▸ **Problem requirements**: Without including any pictures, give back all of the data exactly.

▸ **Recorded information**:
▼

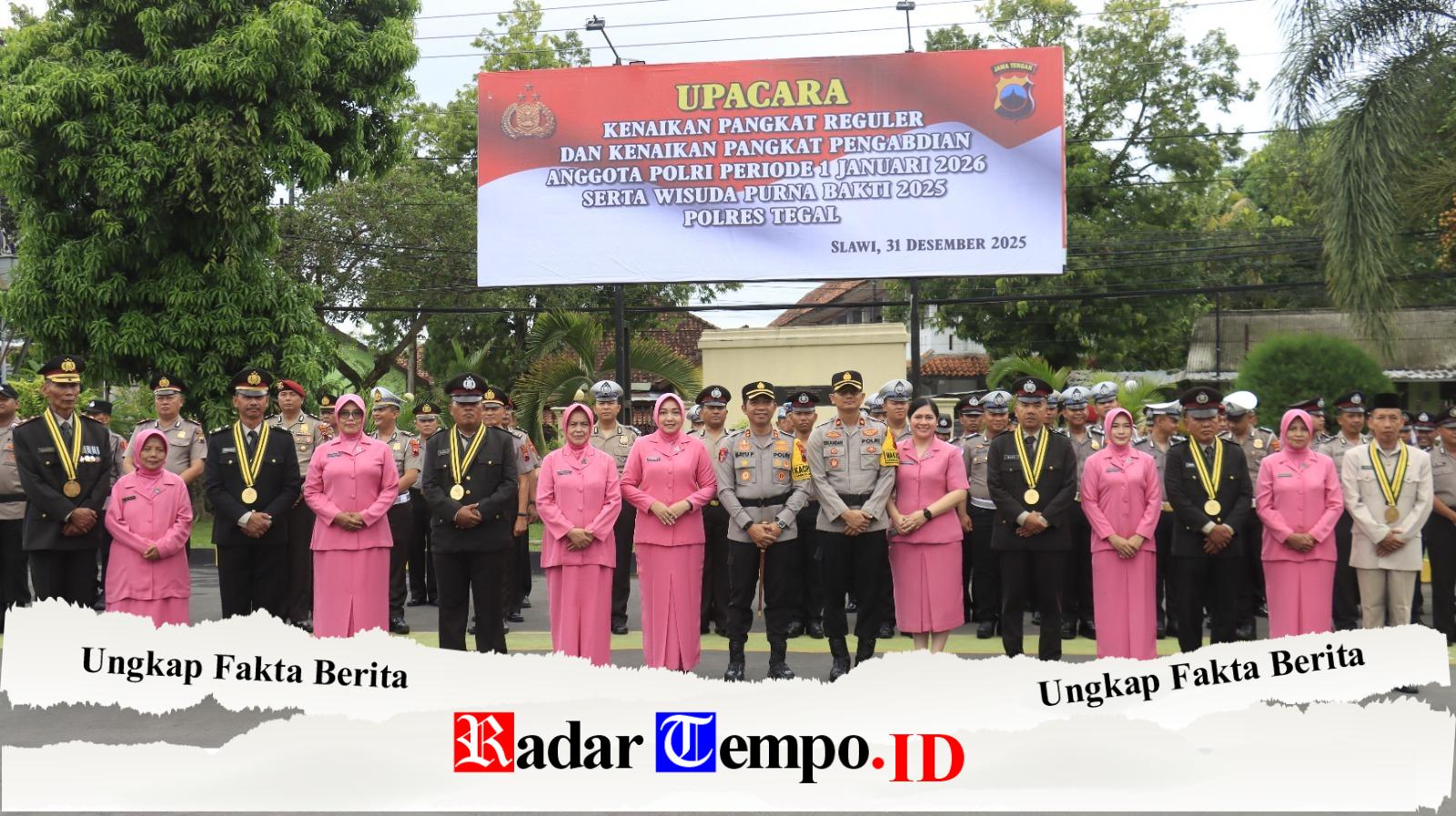 TEGAL, Radartempo.id –Polres Tegal menggelar Upacara Laporan Kenaikan Pangkat Anggota Polri Periode 1 Januari 2026 sekaligus Wisuda Purna Bakti Tahun 2025 di Mapolres Tegal, Kamis (01/01/2026). Kegiatan tersebut berlangsung khidmat dan penuh makna sebagai wujud penghargaan institusi Polri terhadap dedikasi serta pengabdian para anggotanya.
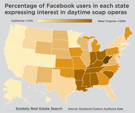 Estately used Facebook trends, Yellow pages listings, Google and Gallup analytics, and American Time User Surveys to assess the ‘states based on the following parameters:
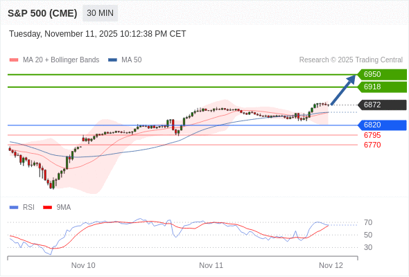 在 6820 之上,看涨,目标价位为 6918 ,然后为 6950 。

▲

▸ **Exercise result**:
 TEGAL, Radartempo.id –Polres Tegal menggelar Upacara Laporan Kenaikan Pangkat Anggota Polri Periode 1 Januari 2026 sekaligus Wisuda Purna Bakti Tahun 2025 di Mapolres Tegal, Kamis (01/01/2026). Kegiatan tersebut berlangsung khidmat dan penuh makna sebagai wujud penghargaan institusi Polri terhadap dedikasi serta pengabdian para anggotanya.
 Estately used Facebook trends, Yellow pages listings, Google and Gallup analytics, and American Time User Surveys to assess the ‘states based on the following parameters:
 在 6820 之上,看涨,目标价位为 6918 ,然后为 6950 。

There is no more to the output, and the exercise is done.